A glimpse into the SEO crystal ball fascinates the search industry again every year. Renowned experts have made predictions for 2018, on what the dominating trends will be in the coming 12 months. They all agree that Google’s transition to the Mobile-First-Index, the rapidly increasing use of language assistants and the triumph of artificial intelligence will bring about serious changes to the technological side of search marketing. Companies and web masters should watch these changes closely. The fight for organic traffic will quickly intensify. Since Google increasingly appears as a publisher and already provides a lot of information on its own search results using the so-called Featured Snippets, the use of structured data, in-depth analysis of contents and user behaviour as well as the focus on a good user experience all remain the most important areas of activity. Aaron Wall from SEO Book even speculated that Google’s dominance in the search sector will decline and that users will increasingly resort to specialised search systems. In summary, SEO expert John Lincoln easily adapts an old classic: “The old SEO is dead and gone – welcome to a new era. It’s 100 times better and much more exciting.”

3) Microsoft and Google rely on human support

Barely a day goes by when there isn’t something written about the unstoppable spread of artificial intelligence and its effects on online marketing. Search provider giants, Google and Microsoft, rely on the use of learning machines.
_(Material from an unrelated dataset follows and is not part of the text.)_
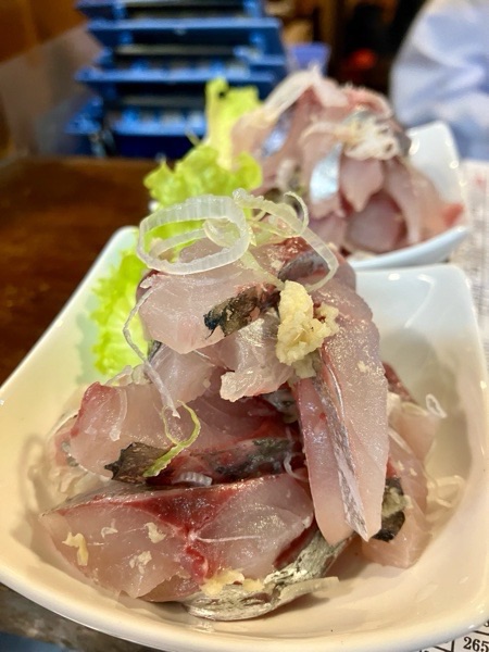 活〆釣り真鯵のタタキ。
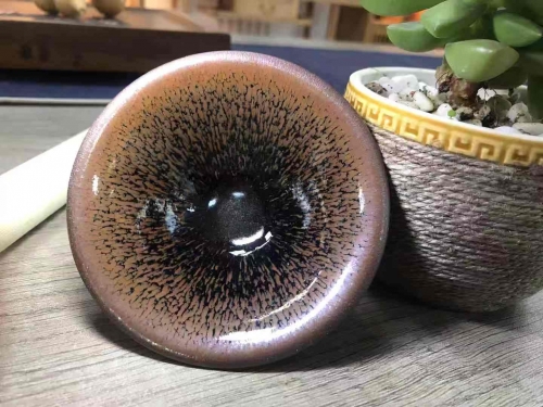 “我一直认为传统不能丢,遵循古法是烧盏的基础,而大胆创新是烧盏的灵魂。”刘龙老师对笔者如是说。在从事建盏烧制创作的8年中,他一直致力于传统烧盏技艺的研究,立足于“宋盏”灵韵,研烧过程中融合各大窑口的特点,力求烧出更适合当今审美趣味的特色器型,技法纯熟精湛,器型典雅大气,釉色富于变化,具备鲜明的个性和浓郁的传统风格,其作品深具特色,在行业内独树一帜,是不可多得的收藏珍品。

However, if you look closely, there is also an opposite trend: Microsoft’s search engine, Bing, first announced in August that it wants to rely more on its collaboration with users in the “Bing Distill” community in order to improve the quality of its direct answers in the future (we reported). At the start of October, Google invited its “Local Guide” community to the second conference in San Francisco. According to the company, the organised user community already has around fifty million participants worldwide, who primarily check and correct entries in Google Maps. In addition, almost 700,000 new entries are composed by local guides on a daily basis. Google said that this is a great help, especially in developing countries, because information from local businesses and services in these countries is difficult to automatically record and check. It remains to be seen whether this trend is taking hold or whether humans are just a bridge technology until artificial intelligence has acquired the same skill set.
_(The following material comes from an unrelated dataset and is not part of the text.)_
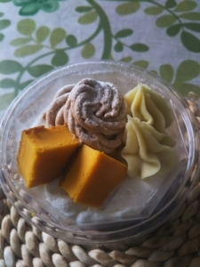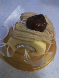 ロールケーキはスフレロール生地だし、中のクリームに刻んだ栗が入ってて歯応えアリ♪リピします!

4) How artificial intelligence will change search engine optimisation

Search Marketing faces great changes and, at the core, it’s all about the effects of integrating artificial intelligence and machine learning into the technology of major platforms. In terms of the organic search, according to SEO veteran and expert, Kristopher Jones, this means that keyword rankings will no longer be subject to dramatic changes in the future and that there will be no superior, universal algorithm. In fact, specialised and dynamic algorithms in a variety of versions will be used for various search requests. Ultimately, the search provider’s aim is to accurately grasp the exact intention of the user using technological aids and to be able to deliver better results, according to Jones. The search expert believes that the classic keyword analysis and technical SEO would therefore be obsolete. In response to the challenges of artificial intelligence, Jones suggests a combination of user experience optimisation, strictly tailoring the contents to user intentions and using more natural speech patterns for voice search. He went on to say that search engine optimisers will not be able to develop their own analysis tools based on artificial intelligence and that agencies and advertisers will have to develop strong responses to the technological challenges in order to not be overwhelmed by the progress.